_WORK ITEM_.
For this exercise, reproduce the entries below exactly, but only from the line containing "This Baseball card, from" through the line containing "在《中國保利2005廣州冬季", both included.

(Records from a dataset)
---+---

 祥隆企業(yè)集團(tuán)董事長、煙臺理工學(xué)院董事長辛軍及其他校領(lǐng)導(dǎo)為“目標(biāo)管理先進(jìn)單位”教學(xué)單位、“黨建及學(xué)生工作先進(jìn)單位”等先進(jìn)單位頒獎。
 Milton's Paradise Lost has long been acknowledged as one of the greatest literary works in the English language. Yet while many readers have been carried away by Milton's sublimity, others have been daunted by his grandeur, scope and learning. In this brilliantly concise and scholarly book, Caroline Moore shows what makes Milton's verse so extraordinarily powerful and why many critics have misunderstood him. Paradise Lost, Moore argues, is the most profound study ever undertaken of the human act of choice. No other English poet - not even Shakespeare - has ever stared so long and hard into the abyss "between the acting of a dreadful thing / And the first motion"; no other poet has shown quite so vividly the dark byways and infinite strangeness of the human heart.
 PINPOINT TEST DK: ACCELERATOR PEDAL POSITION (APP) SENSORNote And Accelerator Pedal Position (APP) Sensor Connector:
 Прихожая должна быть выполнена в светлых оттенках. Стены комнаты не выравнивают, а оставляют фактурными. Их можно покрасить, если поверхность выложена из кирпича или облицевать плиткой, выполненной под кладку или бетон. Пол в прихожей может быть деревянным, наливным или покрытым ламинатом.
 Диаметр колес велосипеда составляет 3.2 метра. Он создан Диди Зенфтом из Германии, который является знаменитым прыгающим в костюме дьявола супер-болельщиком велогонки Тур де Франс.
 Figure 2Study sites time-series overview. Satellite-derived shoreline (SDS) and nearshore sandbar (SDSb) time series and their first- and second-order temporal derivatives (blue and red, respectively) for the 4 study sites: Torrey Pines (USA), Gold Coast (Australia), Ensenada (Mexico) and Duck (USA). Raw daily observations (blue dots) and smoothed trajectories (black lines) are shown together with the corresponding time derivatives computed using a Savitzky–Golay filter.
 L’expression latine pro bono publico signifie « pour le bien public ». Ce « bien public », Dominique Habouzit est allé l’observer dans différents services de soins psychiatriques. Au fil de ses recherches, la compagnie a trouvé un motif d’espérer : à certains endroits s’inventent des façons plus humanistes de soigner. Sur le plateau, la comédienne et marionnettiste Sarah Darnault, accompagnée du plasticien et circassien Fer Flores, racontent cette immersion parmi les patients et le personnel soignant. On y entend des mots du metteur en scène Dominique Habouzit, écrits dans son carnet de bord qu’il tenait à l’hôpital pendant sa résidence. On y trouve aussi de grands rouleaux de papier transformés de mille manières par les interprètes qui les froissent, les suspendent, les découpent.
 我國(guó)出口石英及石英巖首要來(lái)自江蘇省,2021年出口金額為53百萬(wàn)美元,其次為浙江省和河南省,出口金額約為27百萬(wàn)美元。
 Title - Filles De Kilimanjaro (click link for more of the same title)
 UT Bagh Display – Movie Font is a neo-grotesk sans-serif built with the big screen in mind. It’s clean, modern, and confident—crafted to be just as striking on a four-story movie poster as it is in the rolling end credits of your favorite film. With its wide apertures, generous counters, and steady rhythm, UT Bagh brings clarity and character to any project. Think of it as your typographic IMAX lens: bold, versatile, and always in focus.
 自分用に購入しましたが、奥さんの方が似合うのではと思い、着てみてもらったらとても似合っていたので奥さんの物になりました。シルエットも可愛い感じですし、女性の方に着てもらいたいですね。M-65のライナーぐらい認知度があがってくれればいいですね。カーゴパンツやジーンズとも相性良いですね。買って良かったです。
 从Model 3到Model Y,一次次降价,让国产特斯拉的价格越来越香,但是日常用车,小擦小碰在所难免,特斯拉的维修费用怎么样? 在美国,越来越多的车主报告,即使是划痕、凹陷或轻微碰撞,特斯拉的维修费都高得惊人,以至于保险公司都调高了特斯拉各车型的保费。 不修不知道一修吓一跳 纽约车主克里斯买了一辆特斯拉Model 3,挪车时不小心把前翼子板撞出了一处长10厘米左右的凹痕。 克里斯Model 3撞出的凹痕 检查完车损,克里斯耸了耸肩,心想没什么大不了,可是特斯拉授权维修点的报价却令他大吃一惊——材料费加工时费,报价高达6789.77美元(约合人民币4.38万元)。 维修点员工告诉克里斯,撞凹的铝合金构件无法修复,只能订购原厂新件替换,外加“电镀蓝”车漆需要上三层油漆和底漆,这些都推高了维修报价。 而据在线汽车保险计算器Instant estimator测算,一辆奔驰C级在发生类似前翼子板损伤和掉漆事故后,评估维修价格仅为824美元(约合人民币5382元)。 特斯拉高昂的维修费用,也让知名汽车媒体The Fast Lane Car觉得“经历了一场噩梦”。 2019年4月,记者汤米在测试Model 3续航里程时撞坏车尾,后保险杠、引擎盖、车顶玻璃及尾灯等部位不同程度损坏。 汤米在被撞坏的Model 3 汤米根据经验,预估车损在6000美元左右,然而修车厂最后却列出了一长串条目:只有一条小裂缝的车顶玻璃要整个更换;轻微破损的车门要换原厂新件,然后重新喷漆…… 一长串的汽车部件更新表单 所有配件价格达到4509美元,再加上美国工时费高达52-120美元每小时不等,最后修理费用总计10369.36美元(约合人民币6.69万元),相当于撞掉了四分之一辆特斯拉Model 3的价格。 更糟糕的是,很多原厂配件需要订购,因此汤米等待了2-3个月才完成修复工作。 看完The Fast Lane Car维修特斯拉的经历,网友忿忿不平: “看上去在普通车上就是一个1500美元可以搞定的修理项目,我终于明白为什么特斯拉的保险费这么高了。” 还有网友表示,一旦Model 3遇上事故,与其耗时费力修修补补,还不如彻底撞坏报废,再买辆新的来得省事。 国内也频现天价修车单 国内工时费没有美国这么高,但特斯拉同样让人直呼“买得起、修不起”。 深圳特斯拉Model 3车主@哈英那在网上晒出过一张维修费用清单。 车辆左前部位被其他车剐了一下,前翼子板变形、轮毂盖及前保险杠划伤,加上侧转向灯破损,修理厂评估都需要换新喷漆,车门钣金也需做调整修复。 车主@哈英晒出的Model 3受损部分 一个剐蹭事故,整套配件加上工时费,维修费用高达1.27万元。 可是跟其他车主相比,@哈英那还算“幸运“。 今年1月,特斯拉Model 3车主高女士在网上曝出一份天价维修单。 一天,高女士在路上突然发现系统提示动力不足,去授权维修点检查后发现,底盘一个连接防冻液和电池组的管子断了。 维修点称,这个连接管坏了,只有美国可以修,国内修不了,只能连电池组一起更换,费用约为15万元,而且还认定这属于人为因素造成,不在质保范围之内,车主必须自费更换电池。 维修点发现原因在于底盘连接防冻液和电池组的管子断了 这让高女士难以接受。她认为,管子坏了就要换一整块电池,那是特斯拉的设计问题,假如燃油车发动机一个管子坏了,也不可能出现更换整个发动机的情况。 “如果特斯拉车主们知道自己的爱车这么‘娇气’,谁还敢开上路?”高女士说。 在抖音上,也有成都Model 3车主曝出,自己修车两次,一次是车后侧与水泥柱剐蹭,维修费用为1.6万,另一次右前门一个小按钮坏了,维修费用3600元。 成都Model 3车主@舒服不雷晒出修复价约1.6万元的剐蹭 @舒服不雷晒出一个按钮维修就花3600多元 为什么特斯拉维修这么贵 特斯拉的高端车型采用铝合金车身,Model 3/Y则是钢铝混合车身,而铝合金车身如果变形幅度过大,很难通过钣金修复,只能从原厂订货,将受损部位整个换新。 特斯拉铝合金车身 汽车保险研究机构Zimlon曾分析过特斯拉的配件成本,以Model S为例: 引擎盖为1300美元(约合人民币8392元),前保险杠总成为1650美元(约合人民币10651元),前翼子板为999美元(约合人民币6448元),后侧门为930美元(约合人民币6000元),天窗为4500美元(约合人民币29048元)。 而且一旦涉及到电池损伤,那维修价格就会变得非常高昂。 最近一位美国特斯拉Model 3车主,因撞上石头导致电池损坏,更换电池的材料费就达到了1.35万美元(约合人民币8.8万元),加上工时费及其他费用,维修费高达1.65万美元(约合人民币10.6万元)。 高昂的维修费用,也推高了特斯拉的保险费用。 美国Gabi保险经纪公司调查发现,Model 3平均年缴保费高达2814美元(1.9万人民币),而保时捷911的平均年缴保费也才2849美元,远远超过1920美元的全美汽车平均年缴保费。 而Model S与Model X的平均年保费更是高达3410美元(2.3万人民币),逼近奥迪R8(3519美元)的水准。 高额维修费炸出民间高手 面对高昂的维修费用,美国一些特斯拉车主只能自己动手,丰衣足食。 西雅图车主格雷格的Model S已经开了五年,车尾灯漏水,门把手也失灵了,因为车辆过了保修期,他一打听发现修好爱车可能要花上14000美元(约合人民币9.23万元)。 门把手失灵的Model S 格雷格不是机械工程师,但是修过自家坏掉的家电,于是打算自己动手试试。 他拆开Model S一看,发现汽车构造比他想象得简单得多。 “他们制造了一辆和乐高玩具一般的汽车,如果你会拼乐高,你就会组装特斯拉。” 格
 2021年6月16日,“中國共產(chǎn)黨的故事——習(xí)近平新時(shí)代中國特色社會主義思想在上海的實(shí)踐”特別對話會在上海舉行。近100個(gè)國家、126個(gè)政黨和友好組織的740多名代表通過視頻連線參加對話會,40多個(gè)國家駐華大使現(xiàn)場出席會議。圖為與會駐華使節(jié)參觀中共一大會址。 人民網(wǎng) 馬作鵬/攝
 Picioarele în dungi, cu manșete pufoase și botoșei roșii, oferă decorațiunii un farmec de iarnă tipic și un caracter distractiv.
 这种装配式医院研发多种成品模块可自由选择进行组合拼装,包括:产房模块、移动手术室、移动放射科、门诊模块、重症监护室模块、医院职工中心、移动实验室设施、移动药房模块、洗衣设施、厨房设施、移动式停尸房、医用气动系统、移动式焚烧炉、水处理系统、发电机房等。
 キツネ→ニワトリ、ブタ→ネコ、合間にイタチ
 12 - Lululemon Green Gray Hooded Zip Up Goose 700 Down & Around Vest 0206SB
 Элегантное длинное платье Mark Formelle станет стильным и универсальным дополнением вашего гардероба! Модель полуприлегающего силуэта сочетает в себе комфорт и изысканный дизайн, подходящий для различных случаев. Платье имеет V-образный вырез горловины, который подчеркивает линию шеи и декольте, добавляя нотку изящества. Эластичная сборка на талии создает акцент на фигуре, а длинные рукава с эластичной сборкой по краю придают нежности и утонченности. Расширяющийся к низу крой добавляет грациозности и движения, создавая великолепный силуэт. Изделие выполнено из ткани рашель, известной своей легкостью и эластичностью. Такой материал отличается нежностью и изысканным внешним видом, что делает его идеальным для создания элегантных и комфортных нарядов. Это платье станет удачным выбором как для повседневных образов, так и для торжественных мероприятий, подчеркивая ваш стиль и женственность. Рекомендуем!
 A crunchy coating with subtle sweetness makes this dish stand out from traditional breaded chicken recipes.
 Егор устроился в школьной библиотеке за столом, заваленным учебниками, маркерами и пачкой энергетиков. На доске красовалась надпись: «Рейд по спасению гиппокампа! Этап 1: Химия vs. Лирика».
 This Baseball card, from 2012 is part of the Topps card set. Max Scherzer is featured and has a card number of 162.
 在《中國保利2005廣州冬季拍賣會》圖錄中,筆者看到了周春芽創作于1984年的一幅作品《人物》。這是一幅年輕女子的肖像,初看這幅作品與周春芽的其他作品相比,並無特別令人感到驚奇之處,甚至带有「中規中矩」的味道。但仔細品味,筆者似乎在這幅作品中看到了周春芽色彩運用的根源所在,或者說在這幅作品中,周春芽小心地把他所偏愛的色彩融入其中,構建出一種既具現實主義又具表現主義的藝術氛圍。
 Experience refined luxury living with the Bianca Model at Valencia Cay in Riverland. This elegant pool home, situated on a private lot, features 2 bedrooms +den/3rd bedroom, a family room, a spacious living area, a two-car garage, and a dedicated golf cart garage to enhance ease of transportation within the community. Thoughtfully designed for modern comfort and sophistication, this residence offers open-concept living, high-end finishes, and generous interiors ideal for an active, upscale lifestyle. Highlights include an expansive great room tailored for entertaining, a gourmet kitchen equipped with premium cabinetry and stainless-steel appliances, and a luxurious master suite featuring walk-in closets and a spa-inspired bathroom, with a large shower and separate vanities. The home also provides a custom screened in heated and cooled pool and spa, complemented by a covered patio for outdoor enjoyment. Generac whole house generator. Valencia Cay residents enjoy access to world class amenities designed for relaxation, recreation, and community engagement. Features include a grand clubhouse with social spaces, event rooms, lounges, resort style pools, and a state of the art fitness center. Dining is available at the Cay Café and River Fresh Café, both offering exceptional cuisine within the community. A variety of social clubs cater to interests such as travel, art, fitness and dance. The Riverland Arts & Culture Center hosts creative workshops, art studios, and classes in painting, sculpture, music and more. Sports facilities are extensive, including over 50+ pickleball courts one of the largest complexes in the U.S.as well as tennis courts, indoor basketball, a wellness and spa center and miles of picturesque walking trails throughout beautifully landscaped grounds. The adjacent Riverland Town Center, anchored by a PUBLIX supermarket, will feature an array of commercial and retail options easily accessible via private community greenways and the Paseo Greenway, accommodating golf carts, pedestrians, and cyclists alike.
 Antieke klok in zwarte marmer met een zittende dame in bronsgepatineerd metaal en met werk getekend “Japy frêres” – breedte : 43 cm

---+---

_WRITTEN REPLY_.
 This Baseball card, from 2012 is part of the Topps card set. Max Scherzer is featured and has a card number of 162.
 在《中國保利2005廣州冬季拍賣會》圖錄中,筆者看到了周春芽創作于1984年的一幅作品《人物》。這是一幅年輕女子的肖像,初看這幅作品與周春芽的其他作品相比,並無特別令人感到驚奇之處,甚至带有「中規中矩」的味道。但仔細品味,筆者似乎在這幅作品中看到了周春芽色彩運用的根源所在,或者說在這幅作品中,周春芽小心地把他所偏愛的色彩融入其中,構建出一種既具現實主義又具表現主義的藝術氛圍。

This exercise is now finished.